Add Lisa Kinsella to the ranks of the sisterhood taking their regrettable experiences with Hedley to court.
But rather than some painful packing of the peanut butter, as police now allege against Hedley frontcreep Jacob Hoggard, our Lisa suffers from those calling into question her brief business relationship with the doomed, shitty band.
Readers may recall Caleb Stark, pop kultur aficionado and “residence life coordinator” at Mount Allison University in Sackville, N.S., got up the noses of Toronto’s premiere feminist power couple, Lisa and hubby Warren (for it is he) this past winter. On Twitter, Stark pointed out the disconnect between Lisa’s girl-power politics and taking on an alleged sexual predator as a client.
Lawsuits were promptly threatened, grovels issued and deemed insufficiently sincere. Now Lisa’s following through with a claim for $100,000 in general damages, plus $50K in aggravated damaged and $50K in punies:
“The Tweets are defamatory of the Plaintiff in their entirety as they state, in their plain and ordinary meaning or by virtue of the surrounding circumstances, which give the words a defamatory meaning and/or innuendo, that the Plaintiff inter alia is a rape apologist who condones sexual misconduct.”
Defending Lisa’s honour from such calumny, no matter how humble and impecunious its source, is coruscating legalist Jeff Saikaley (Caza Saikaley LLP), last seen waving writs at Lisa Raitt on behalf of Liberal weed man Chuck Rifici.
Lisa admits her Green Light Group, a satellite of the Kinsella family business, Daisy Consulting Group, worked for Hedley, but insists that at the first shocking whisper of rapey business, she bailed:
“The Green Light Group was retained by the musical group Hedley to manage their public relations for a short period of time.
“Shortly following The Green Light Group’s appointment, multiple allegations of sexual misconduct surfaced involving the band and its frontman, Jacob Hoggard.
“The Green Light Group’s principal, Ms. Kinsella, who prides herself on being an activist, women’s advocate, and proud supporter of the #MeToo movement, terminated the retainer with Hedley. Notwithstanding, Ms. Kinsella quickly became the victim of personal attacks by the Defendant.”
Alas, there appear to be some hiccups in the timeline as presented. The #MeToo social media shitstorm hit Hedley Feb. 13. The next day, they were booted off the bill at the Junos. Jaime Watt’s crisis comms firm Navigator, initially engaged to save the band’s bacon, promptly bailed on the radioactive client a la Jian Ghomeshi.

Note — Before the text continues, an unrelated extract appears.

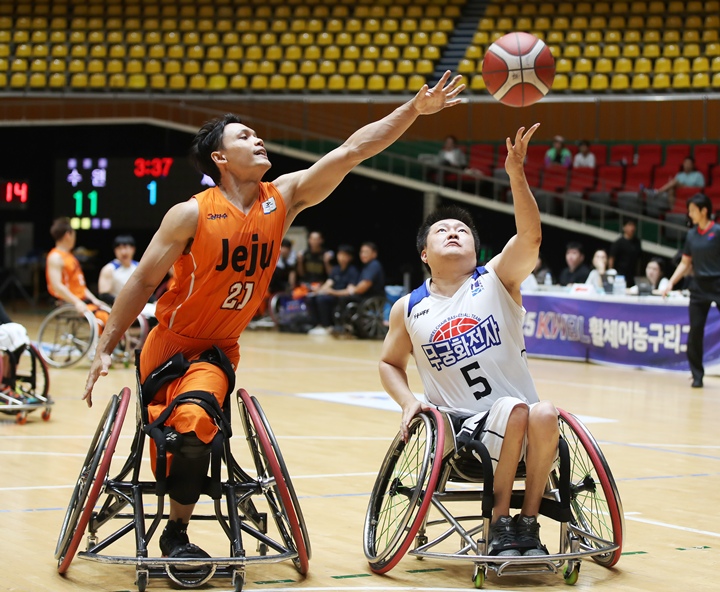 [한라일보] 제주특별자치도휠체어농구단이 안방에서 승률 5할을 맞췄다.

Nearly a week of hellaciously bad press later, on Feb. 19, the band issued a release announcing they would continue their tour, but with much contrition and introspection:
“In the coming days – and throughout this current tour – we intend to take responsibility, and talk about how we have let some people down, and what we intend to do about it.
“That starts right now. As a band, we have decided to withdraw our name from consideration for any awards at the JUNOs. We do not wish to be a distraction at Canadian music’s biggest night or to, in any way, take the focus away from the tremendous honour that is the JUNO awards.
“We want to ensure that everyone understands our collective commitment to change, and to do better, is real. Saying a rock’n’roll lifestyle was to blame – or saying certain things happened because we were younger – isn’t good enough. We owe it to our families, our crew, our friends – and most of all, our fans – to do and be better.
“The easy thing to do would be to cancel the tour and hide. We don’t intend to do that. We intend to start making positive changes, starting right now.”
“For further information: Lisa Kinsella, Green Light Group, 416-319-1023, email@example.com.”
And from the Small World Dept., the lawyer representing Hoggard back in March was none other than Brian Shiller, a longtime Kinsellout associate. Shiller’s brother, David, also a lawyer, plays drums in Kinsella’s faux punk band, Shit For Brains.
Whatever can it all mean?
I’m thinking Hedley needs to do a few more courses at Rock U. The whole point of being a rock god is acting like a thoroughgoing sociopathic dick without apology (and, ideally, without consequence). When Keith Moon burned down half of Manchester did The Who apologize? When Keef Richards single-handedly caused a syringe shortage throughout much of Western Europe did the Stones apologize? Have you ever even heard Nickleback apologize for being fucking Nickleback?
So you want to be a rock ‘n’ roll star? Then listen now to what I say.
“Keef: The powdery substance made up of THC crystals from the bud of cannabis. It’s basically the Cheetos dust that gets left behind on your fingers after finishing a bag of chips, but in this case, with weed. “Look at all the keef I collected in my grinder!””
Sounds about right.
I imagine the Kinsellas, wet fingers held aloft, testing the wind to see if their strategy worked. Oops – Run! Run!
Sex, Drugs, Rock n’ Roll meets Peace, Order, and Good Government. The unstoppable force meets the immovable object.
Warren and Lisa. Lisa and Warren. Uma. Oprah. Pretty soon, no one will care. A round of daisies for the house!